MBrace is fully open source framework written in F# and offers very clear and easy programming model. It aims to create all the necessary conditions to make distributed cloud scale computations and data as simple as possible. At the same time it is totally straightforward to setup MBrace clusters. In this series you will get the concept of "cloud monads" or cloud computation expressions, find out how to create a cluster and configure the environment, explore the features and opportunities we have with new F# functional cloud programming model and view the code of MBrace examples.

Background

Here, in the Part III of the series you will have a look at the features of MBrace framework. If you want to know more about the concepts and the approach behind MBrace - it may be interesting to have a look at Part I. If you want to learn more about the infrastructural options of creating the cluster for MBrace - it may be interesting to have a look at Part II.

MBrace features

Cloud combinators
CloudCells and CloudVectors
CloudAtoms
CloudFiles
CloudFlows
CloudChannels
Cloud disposable resources
Exception handling
And many more!

Cloud Combinators

As you already seen in Part I, we may use cloud combinators in our code. Cloud.Parallel takes a sequence of cloud computations and executes them in parallel, then it returns an array of gathered results or throws an exception. But there are other interesting combinators.

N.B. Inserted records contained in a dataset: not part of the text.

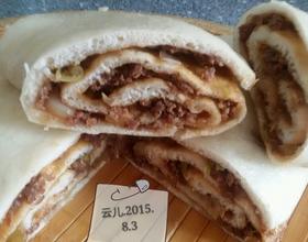 - 4. 拿一个面挤用擀面杖擀薄,抹上牛肉馅
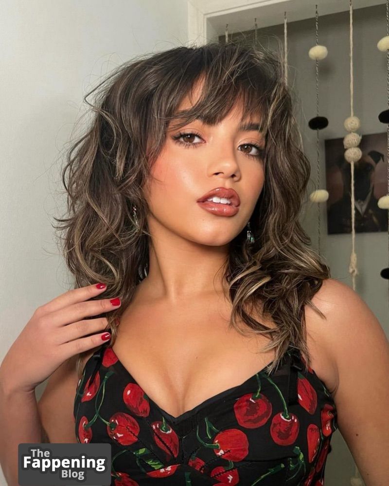 Isabela Merced che sfoggia un vestito nero aderente, mostrando un serio décolleté con le sue tette in evidenza.
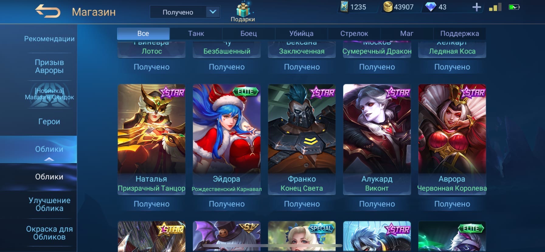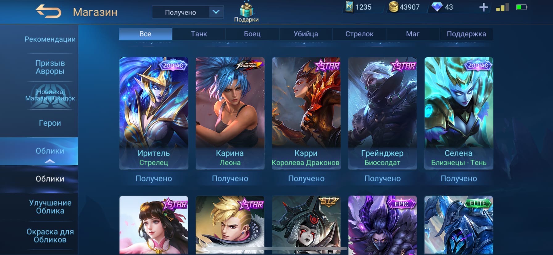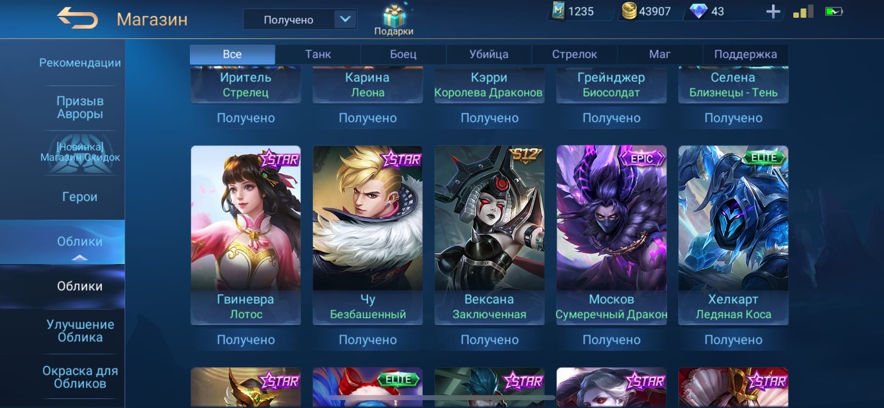 💰Голда: 376133; 💎Алмазы: 5; 💪Количество открытых героев: 96; 🌈Облики: 244;
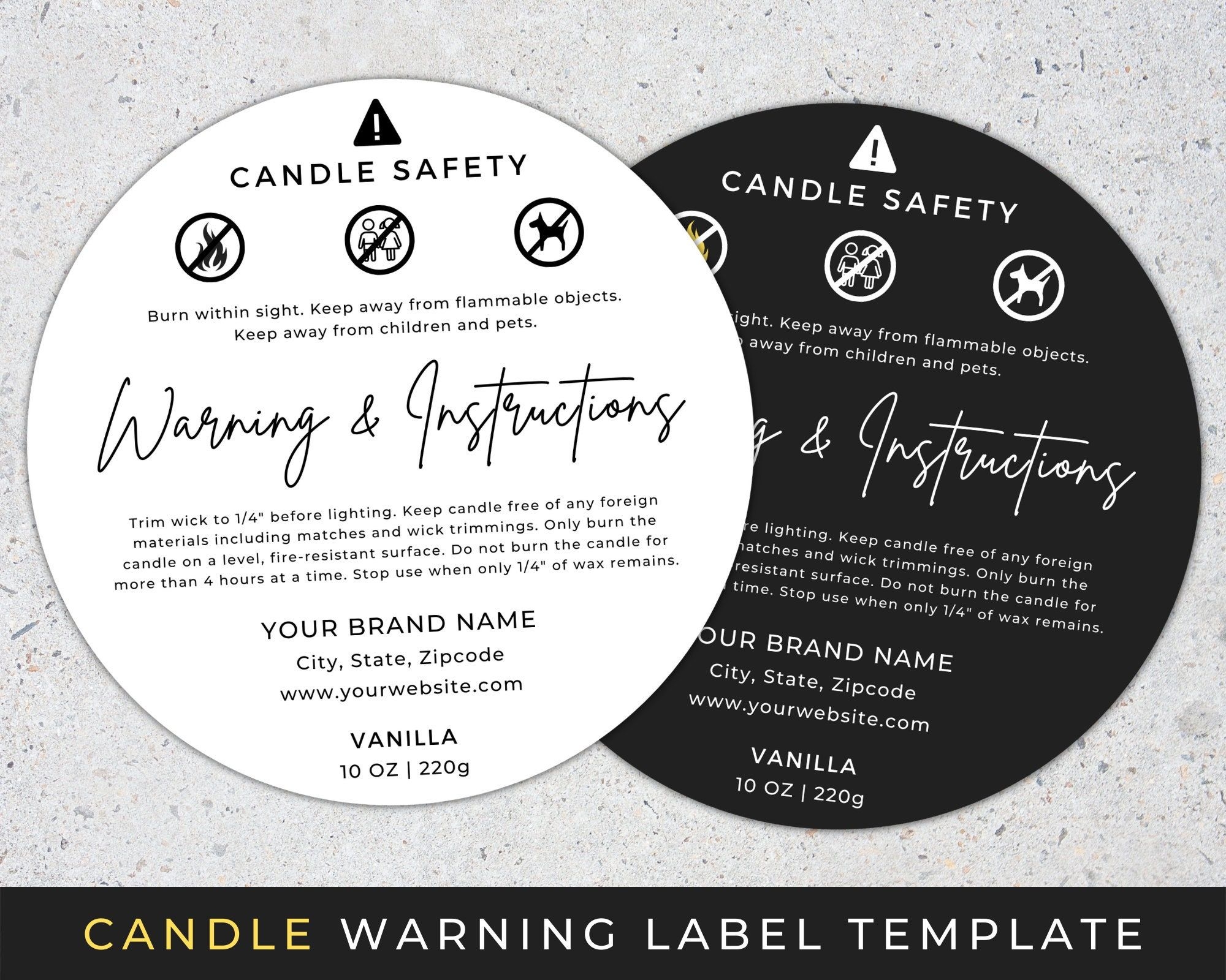 If you’re not confident in your design skills, you can also find pre-designed printable warning label templates online. Websites like Etsy and Creative Market offer a variety of options that you can purchase and download instantly. Simply input your safety information and print them out for easy application to your candles.
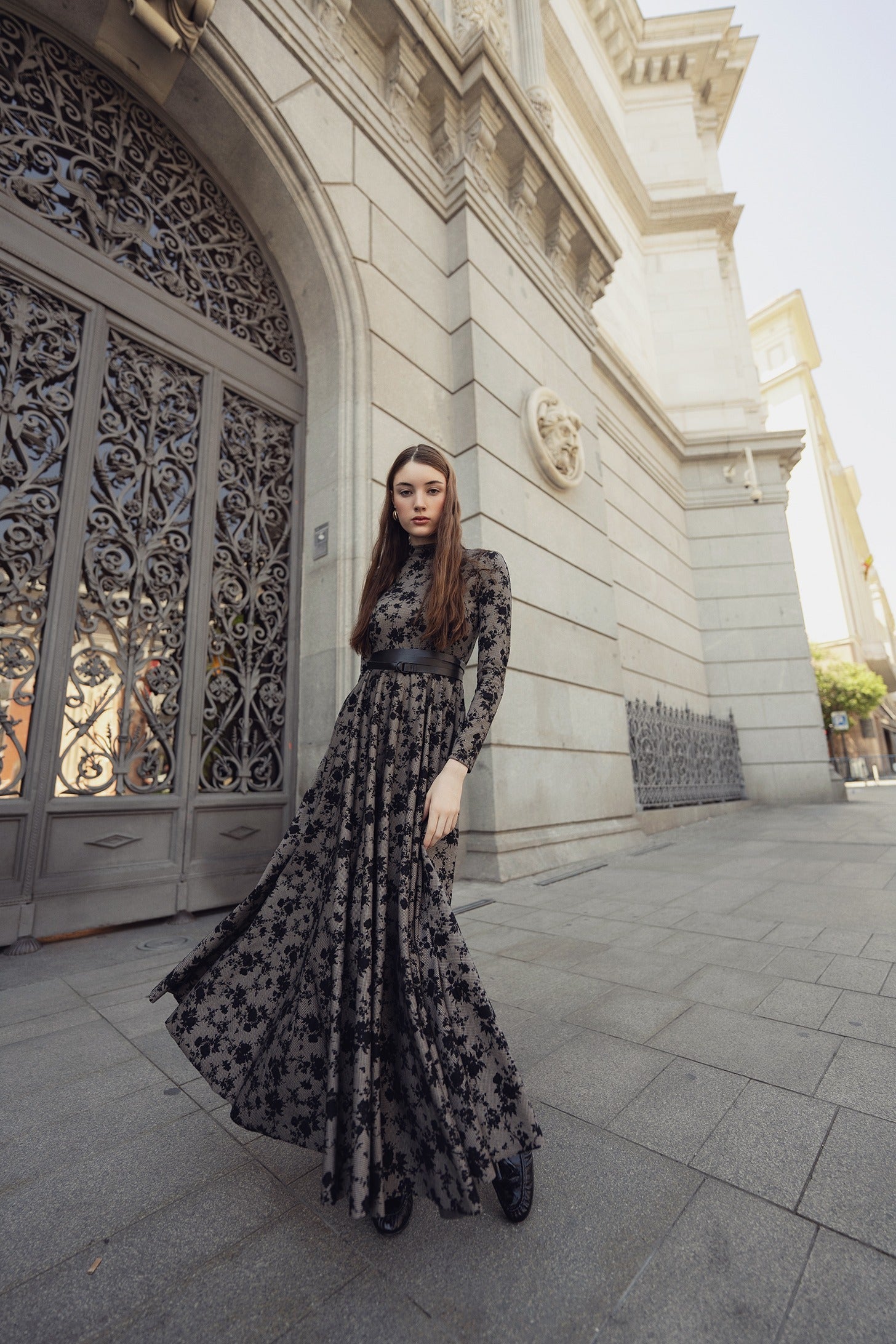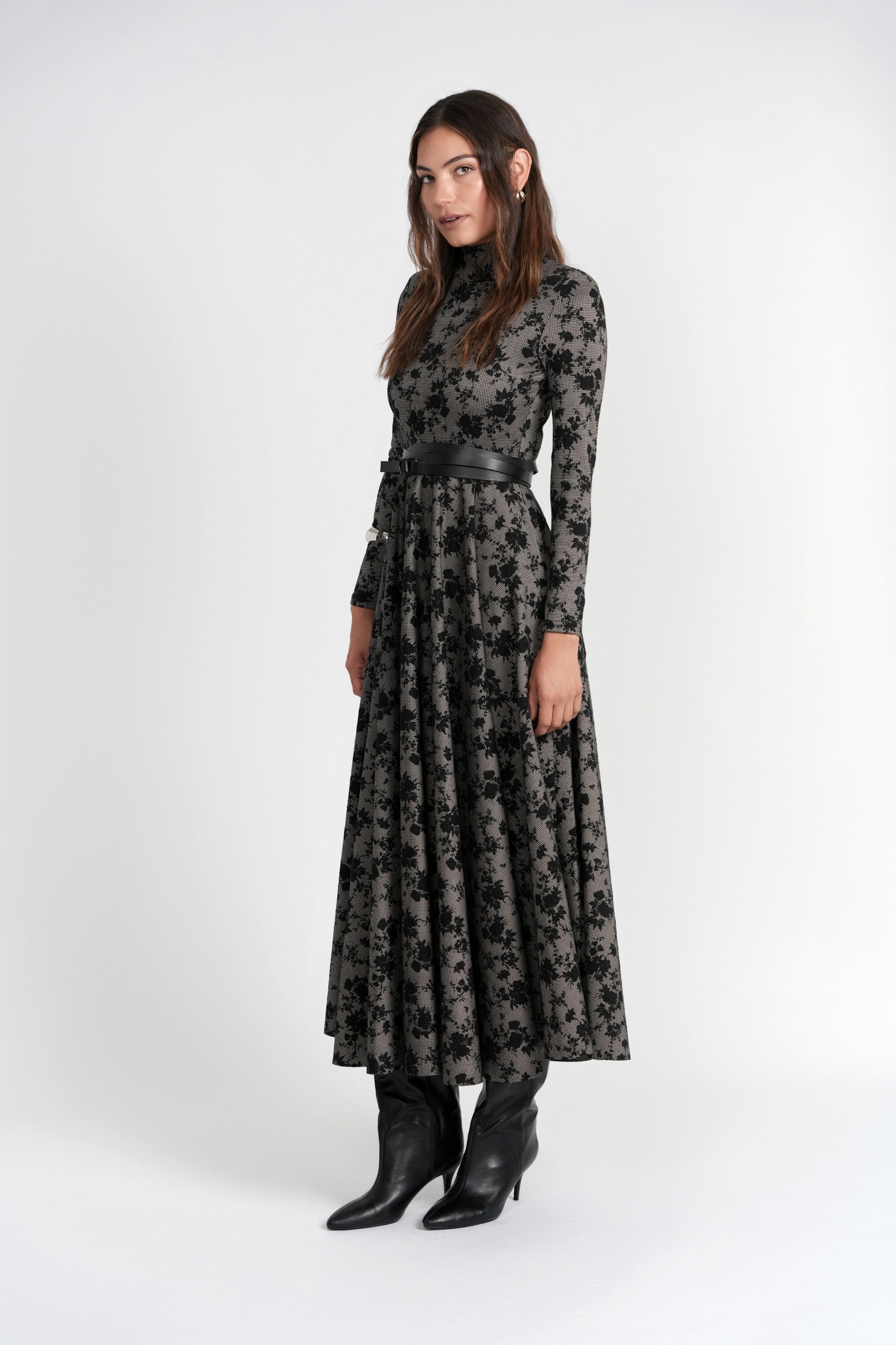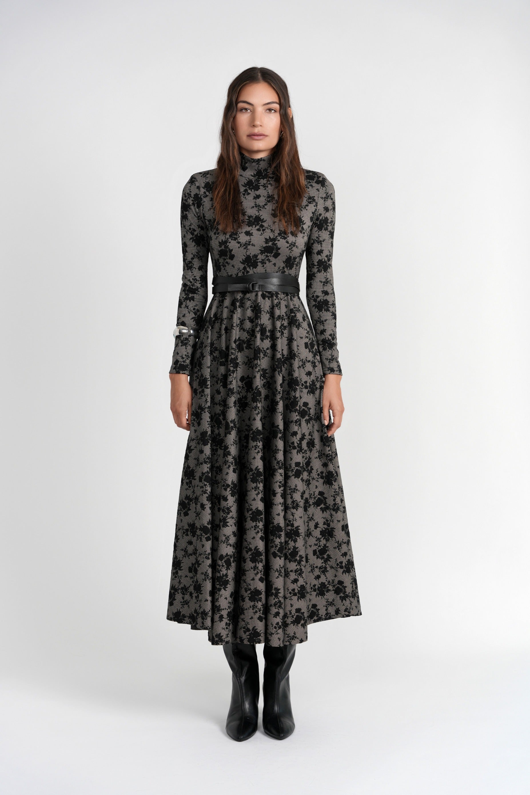 • The Norma Dress is a standout maxi featuring a unique floral houndstooth design that blends classic tailoring with a modern twist.

Take for example Cloud.Choice, it also performs cloud computations in parallel, but it will return only when any of these computations returned a successful value, or if all of them failed to succeed. So we pass there computations returning Option type - either Some or None.

We can also wrap our asynchronous function into a cloud workflow using Cloud.OfAsync. This combinator is useful if we already have existing async functions and want to use them in cloud worklows.

There are other combinators, like Cloud.Raise and Cloud.Catch for raising and catching exceptions from the cloud workflow, Cloud.Dispose for disposing cloud resources, and Cloud.Ignore to discard the results of the cloud computation. You can find other combinators in the API or just check out the code on github.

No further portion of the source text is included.